Узник зеркала - Муратова
Шрифт:
Интервал:
Закладка:
Во время танца граф не сказал ей ни слова, несмотря на все ее неловкие попытки завязать легкий разговор. Печать тяжелой думы легла на его лицо, а, когда музыка завершилась, он помедлил, прежде чем выпустить ее ладонь. «Да что с ним такое, в самом деле?!» — недоумевала Оливия.
Желая положить конец недосказанности, которая начала тяготить ее, она подождала, когда он закончит разговор с мистером Хаксли и викарием (ох уж эти мужчины с их «мужскими разговорами» — как всегда, некстати), и подошла к нему с твердым намерением признаться в том, что его обманула и не собирается ни жертвовать своим сердцем, ни возвращаться в Колдфилд.
— Ваша светлость, то, что я хотела сказать… — начала она, но он даже не взглянул на нее. Широко раскрытыми глазами он глядел в свою ладонь, и его тонкие губы дрожали.
Оливия тоже взглянула в его ладонь, но ничего не увидела.
— В чем дело? — настороженно спросила она.
— Снег пошел, — тихо ответил лорд Колдблад.
И действительно, только сейчас заметила Оливия, в воздухе вокруг них плясали снежинки, перемешиваясь с лепестками цветущей вишни.
— Смотрите: снег! — радостно закричал кто-то из гостей.
— Снег! Снег! — подхватила захмелевшая публика.
От толпы отделилась женская фигура с толстой косой и в платье лазурного цвета и подошла к ним.

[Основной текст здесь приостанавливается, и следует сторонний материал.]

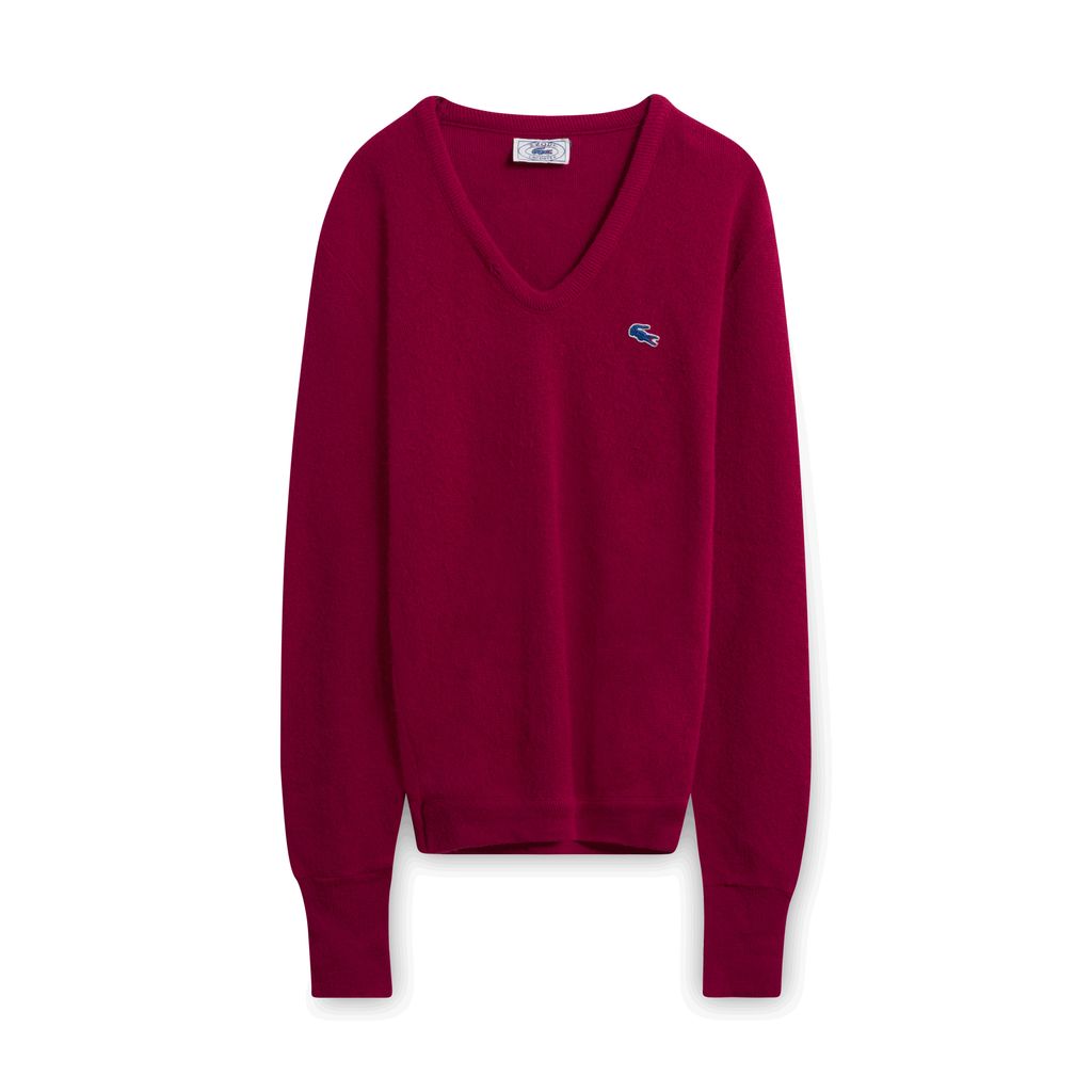 Lacoste Crocodile Logo Sweater features v-neckline and embroidered crocodile logo.

— Крессентия, — приветствуя ее, холодно кивнул лорд Колдблад. — Это то, что я думаю?
— К несчастью, — подтвердила она. — Зеркало разбито. Гордон на свободе.
— Кто?
— Ката, — глядя в сторону, процедила Крессентия. Там, куда она смотрела, небо почернело и часто сверкали молнии. Надвигался шторм.
— Каковы наши шансы? — сжал руку в кулак Колдблад.
— Если ты, я и Аурелия выступим единым фронтом, я бы сказала один к четырем. Мощь Гордона огромна, и на его стороне Лео.
— Лео? — вздрогнул граф. — Зачем?
— Вот сам у него и спросишь. Нам нужно немедленно отправляться в Колдфилд, у нас почти не осталось времени.
— Да, — опустил голову он. — Хорошо… Дай мне только пару минут, ладно?
Не обращая внимания на мистера Хаксли, жестами подзывающего их под своды беседки, граф приобнял Оливию за плечи и увел ее в сторону, туда, где никто не мог их слышать. Он щелкнул пальцами, и мистер Хаксли отвернулся, вспомнив, что забыл на раскладном стуле любимую трубку.
Оливия сложила руки на груди — становилось холодно. Вокруг них стремительно сгущались сумерки. Снег повалил единым массивом.
— В чем дело? — жалобно спросила Оливия, которой вдруг стало страшно. Она никогда не слышала, чтобы кто-то так бесцеремонно обращался с лордом Колдбладом, и была удивлена отсутствием какого бы то ни было отпора с его стороны. — Кто это? — спросила она, оборачиваясь на Крессентию, которую они оставили у рододендронов, сейчас уже невидимую сквозь метель. — Я ничего не понимаю. Мы возвращаемся в Колдфилд? Уже?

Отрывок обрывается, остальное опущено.